Sus padres le explicaron que él no tuvo nada que ver con lo ocurrido, que fue un trágico accidente y que fueron otras personas y circunstancias que lo propiciaron.

Enrique, un niño de seis años, quien vive a 10 calles de la zona donde explotó la pipa de gas, trata de superar lo vivido por sus vecinos. Le afectó mucho el incidente no obstante que ninguno de sus familiares están dentro de las víctimas.

El accidente de una unidad de doble remolque que circulaba sobre la autopista México- Pachuca y que ha provocado la muerte de 27 personas, afectó el estado emocional de algunos menores de edad en el poblado ecatepequense.

Sólo algunos de los niños reciben apoyo sicológico. Una especialista de la Universidad Nacional Autónoma de México (UNAM), quien es residente de la comunidad, brinda terapias a los habitantes para que salgan del trance en el que se encuentran.

Cinco pequeños de entre cuatro a 12 años de edad van a sesiones terapéuticas.

Los niños cuentan entre sí que los muertos de la explosión se aparecen en la comunidad por las noches y eso los atemoriza.

El miedo, contó Yolanda Villanueva, la sicóloga que atiende a los pequeños se apoderó de ellos los días posteriores al siniestro. Dos de los menores de edad vieron cómo se incendiaba un amigo y su padre.

“Por qué les pasó a ellos”, preguntaron a sus padres. El temor que tienen los adultos de que se presente otro accidente se lo han transmitido a sus hijos pequeños.

Los niños, dijo la especialista de la UNAM que brinda ayuda sicológica, tienen temor a quedarse solos, dormir en las noches y a las oscuridad, pues el accidente se presentó de madrugada.

 

Yolanda Villanueva aseguró que en el caso de los pequeños el proceso de recuperación es más rápido que en los adultos, porque no le dan el mismo significado a la muerte que sus padres, tíos o abuelos.

Los menores que acuden a sesiones terapéuticas tienen cuatro, ocho, nueve y 12 años de edad.

Algunos alumnos del jardín de niños “Rosaura Zapata”, que también fue alcanzado por la onda expansiva de la explosión, expresaron su miedo los días posteriores al percance.

Los padres de familia contaron que varios de los pequeños lloraban afuera del plantel porque tenían miedo de ingresar a clases y que murieran quemados.

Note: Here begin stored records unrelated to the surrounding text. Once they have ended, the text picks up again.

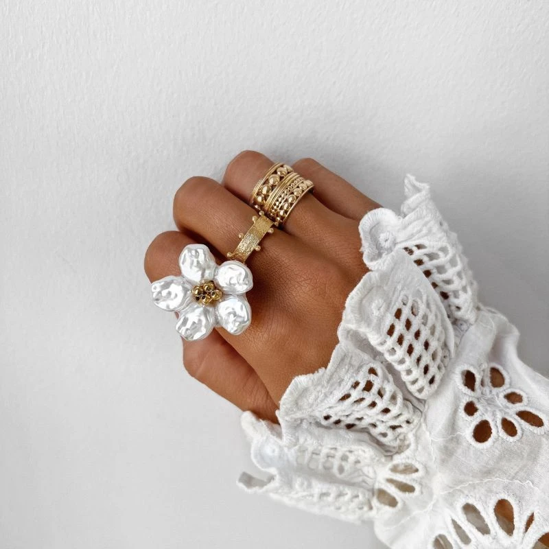 - Bague en forme de fleur, pétales nacrées
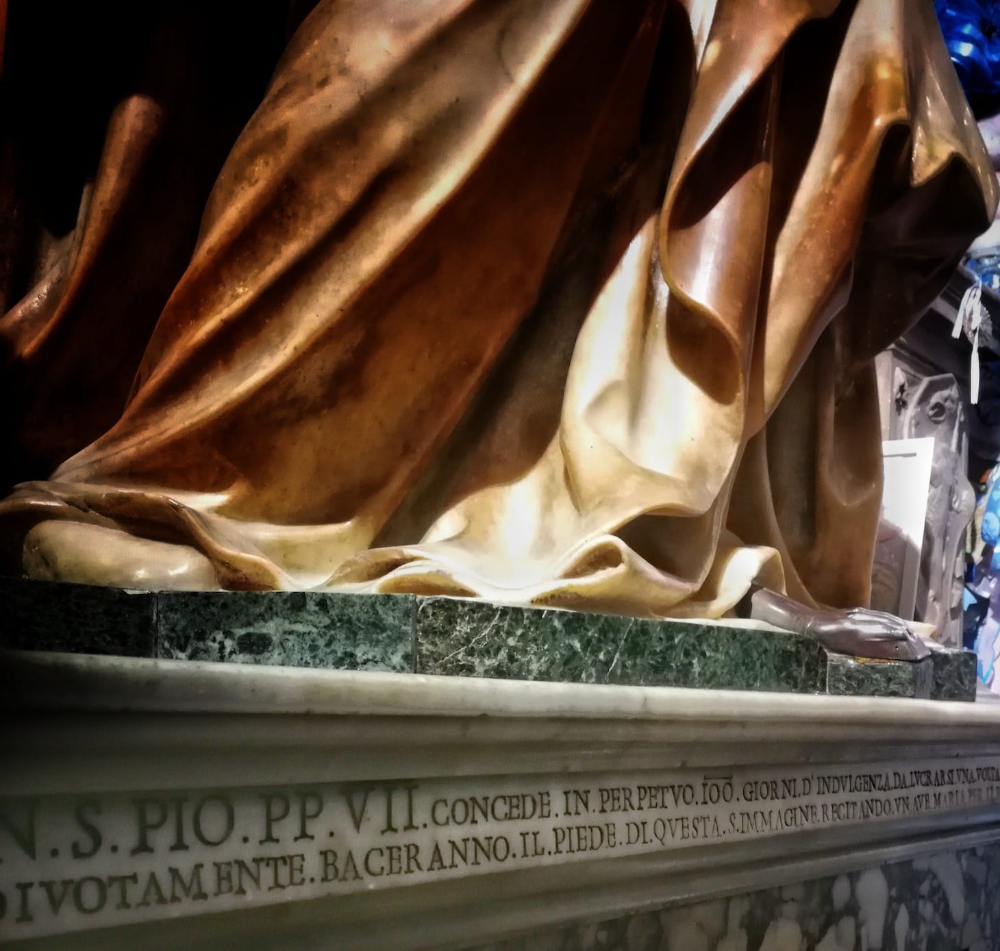 All over Rome there are traces of the same need for physical contact with the holy. In the church of Sant’Agostino there is a 16th-century statue of the Virgin of Child Birth, whose marble foot had to be replaced with silver because it was so worn from the touch of supplicants — usually anxious fathers expecting a difficult delivery. Now the metal foot is also worn smooth. Two small marble crosses were inserted into opposite piers of the Colosseum, which was thought to be a site of Christian martyrdom. An inscription below each cross states the number of years and days you would be spared Purgatory if you kissed it. Theoretically you could go back and forth between these crosses and kiss your way out of Purgatory. If this all sounds like a recipe for disease transmission, it probably is.
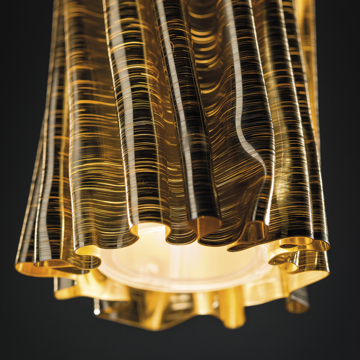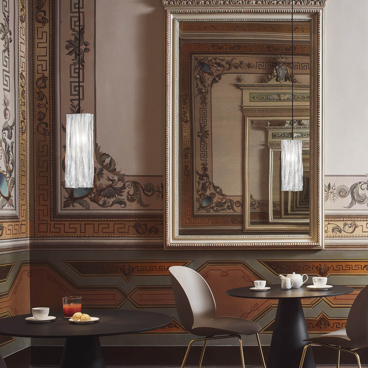 Komplettiert um ein elegantes schwarzes Kabel und eine passende Deckenrosette, bietet die Slamp Accordéon Vertical Pendelleuchte eine optisch ansprechende Installation, die allein oder in einer Reiheninstallation für dramatische Effekte sorgt. Vor allem in Bars, Clubs, Hotellobbys oder über Rezeptionstischen entfaltet diese Lampe ihre volle Wirkung und zieht alle Blicke auf sich.
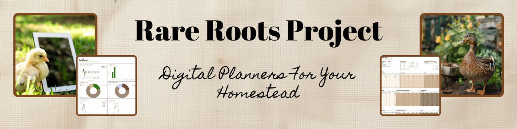 Our products—Google Sheets, Excel documents, and PDFs—are designed with love and real-life experience. They help you plan your garden, manage your chickens, and keep your homestead running smoothly. Plus, they’re beautifully designed in farmhouse chic and modern industrial styles, with calming tans, greens, and browns.
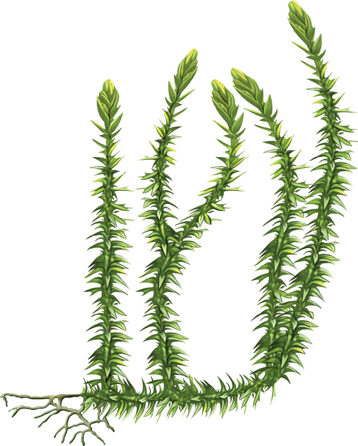 Для того чтобы отправиться в далекое прошлое нашей планеты, не нужно изобретать машину времени. Достаточно отправиться в хвойный или смешанный лес, найти не слишком заросшую травой полянку и внимательно присмотреться к встречающимся на ней растениям. Наверняка среди опада и старой хвои обнаружатся тонкие длинные плети плауна булавовидного. Названий у этого растения много – зеленка, деряба, топтун, плаун… Его длинные зеленые разветвленные плети змеятся под ногами, достигая порой длины 10 метров. Кверху на высоту 10–15 сантиметров поднимаются отростки, на вершине которых расположены колоски. Создается впечатление, что растение не может приподняться выше, оно стелется, словно плывет по земле. Отсюда и название – плаун. Плети и отростки плауна покрыты многочисленными мелкими листочками, похожими на плоские иголочки. Не случайно англичане называют плаун «бегущей сосенкой».
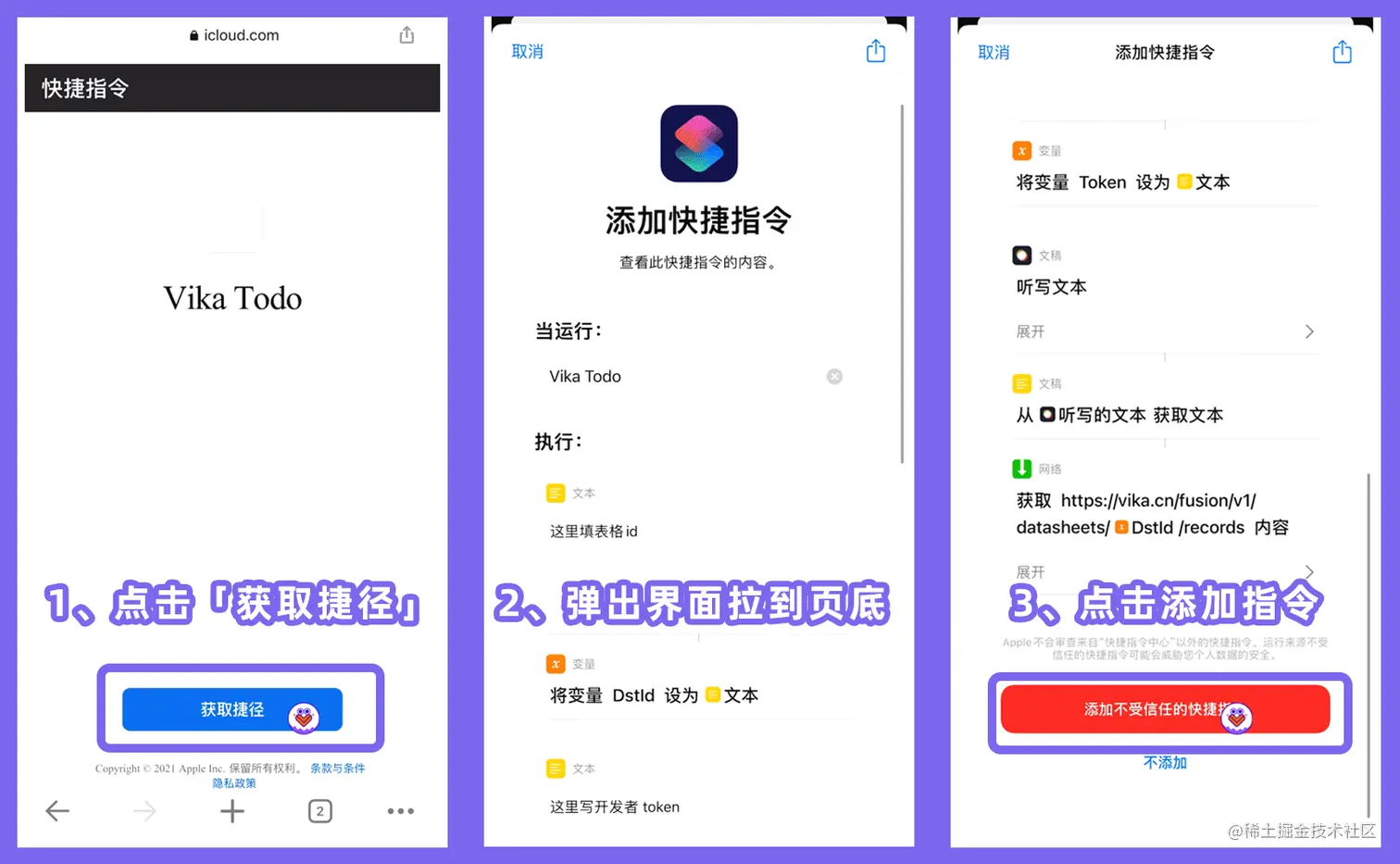 获取 vika 语音待办快捷指令
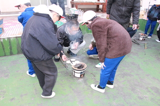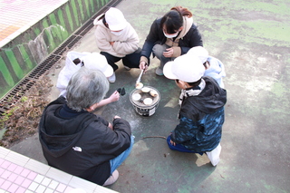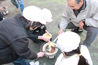 3年生が社会科の学習「道具とくらしのうつりかわり」の一環として、七輪体験を行いました。地域の方々11人が来校して、それぞれのグループに分かれて七輪の使い方を教えてくださいました。風がなく、おだやかな日でしたのでちょうどよく七輪の火をおこすことができました。おこした火でおせんべいを焼き、しょうゆをつけて食べました。子供たちは焼きたてのおせんべいを「おいしい、おいしい。」と言いながら、食べていました。
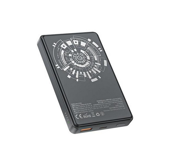 AWEI P33K vésztöltő USB+Type-C aljzat (10000mAh, 22.5W, wireless, mágneses, PD gyorstöltő) FEKETE
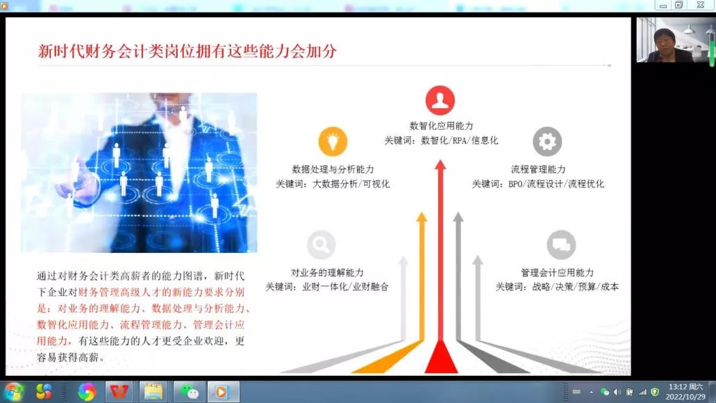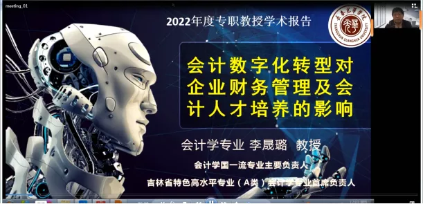 为推动公司团队建设工作顺利开展,进一步使同学们明确职业发展规划,营造良好的学术交流氛围,更好的应对财会行业转型的挑战,必赢76net线路于2022年10月28日17时-18时40分线上开展“会计数字化转型对企业财会人才培养的影响”学术报告讲座,本次讲座由必赢76net线路会计系李晟璐教授主讲,2022级会计学专业、财务管理专业全体员工参会聆听。
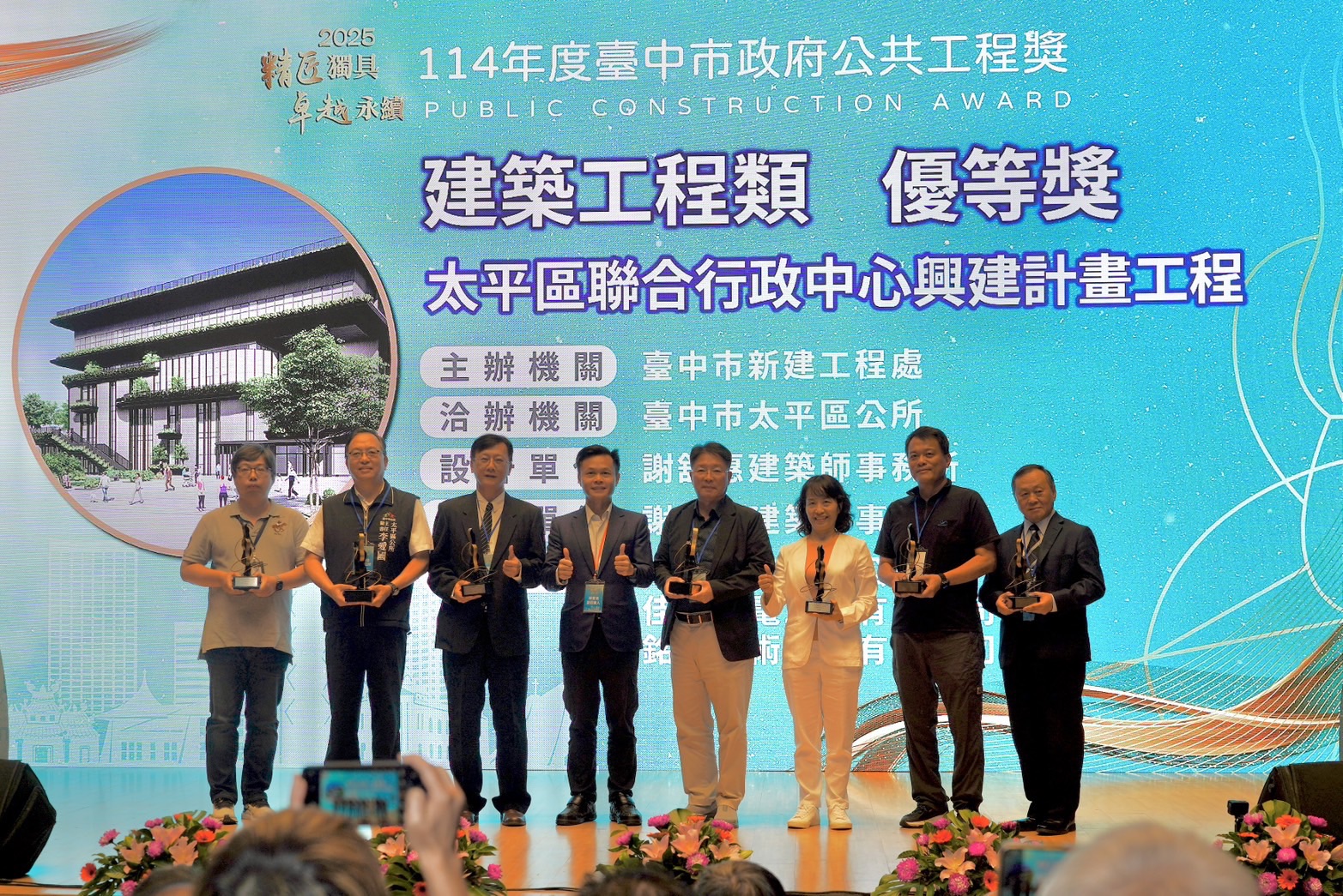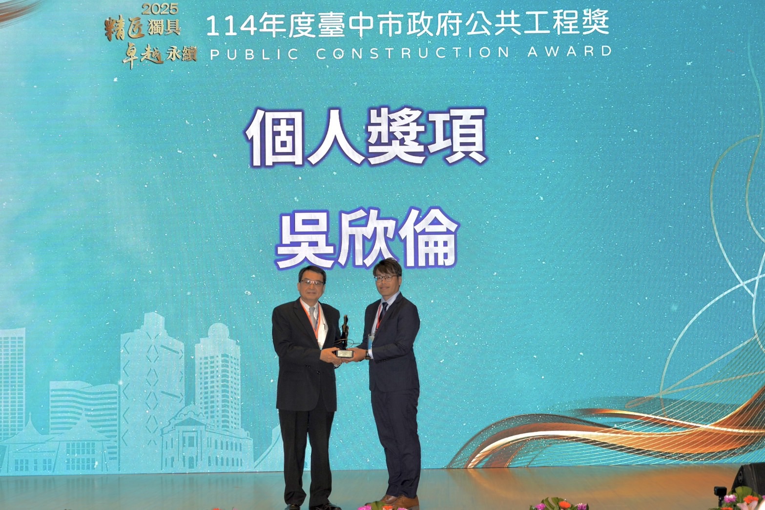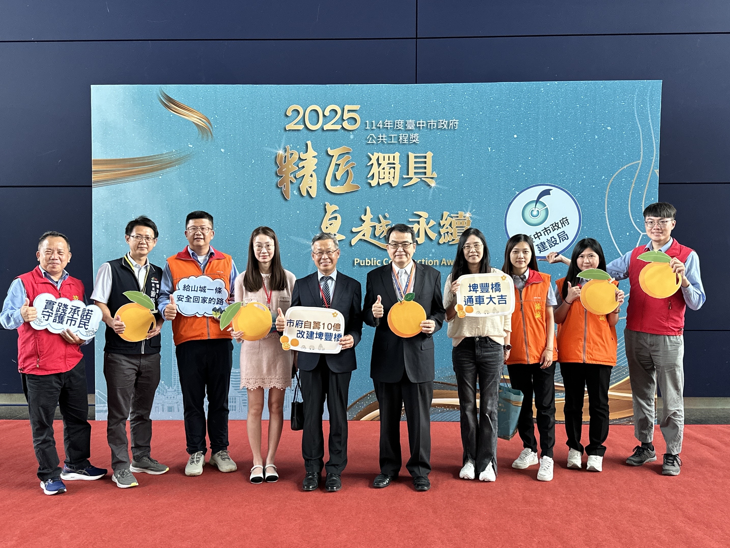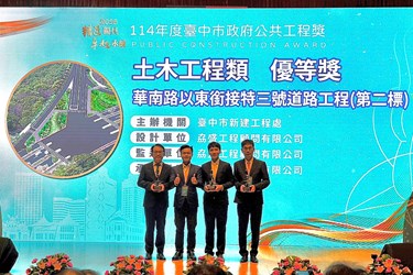 台中市政府今(29)日盛大舉辦「114年第三屆公共工程獎」頒獎典禮,建設局表現搶眼,橫掃土木工程類、建築工程類、設施維護管理類及個人貢獻獎等多項榮譽,共抱回11項大獎,成為全場最大贏家;獲獎工程涵蓋交通建設、公共空間、友善環境等領域,展現市府推動重大建設的卓越實力與多元成果。
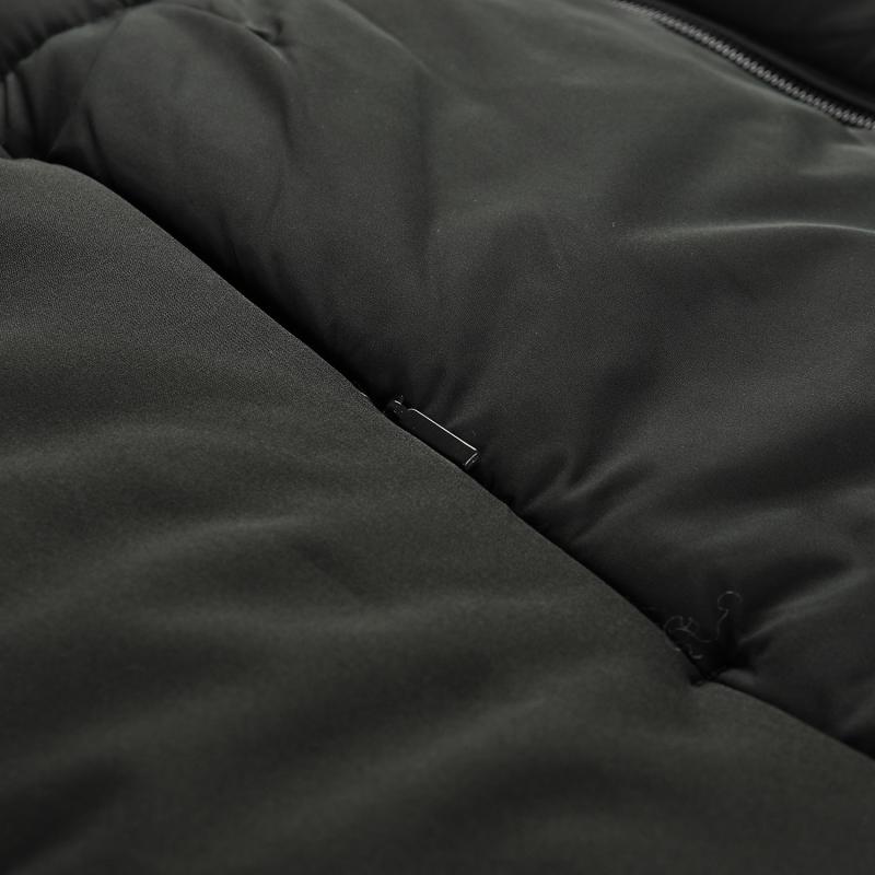Kabát je ozvláštnený dekoratívnym prešívaním a ponúka praktické prvky, ako je odopínateľná kapucňa so sťahovaním a odopínateľná kožušina, ktoré umožňujú prispôsobiť vzhľad podľa aktuálnych potrieb a počasia. Zapínanie je riešené dlhým dvojcestným zipsom, čo uľahčuje manipuláciu a vetranie.

El prescolar se encuentra a 100 metros de donde explotó la pipa de gas. En la parte de atrás quedó el eje de la unidad que transportaba combustible y parte de su estructura se quemó. Por los daños se suspendieron las clases algunos días.

María Pedraza, maestra del jardín de niños, narró que el día en el que se reanudaron las actividades los pequeños dibujaron la tragedia de San Pedro Xalostoc.

El común denominador fue la pipa que circulaba por la autopista. De esa manera los estudiantes liberaron algunos de sus temores. Después de ese día los alumnos del prescolar ya no han hablado del tema, dijo la profesora.

En la comunidad continua el duelo. Los niños comparten el dolor.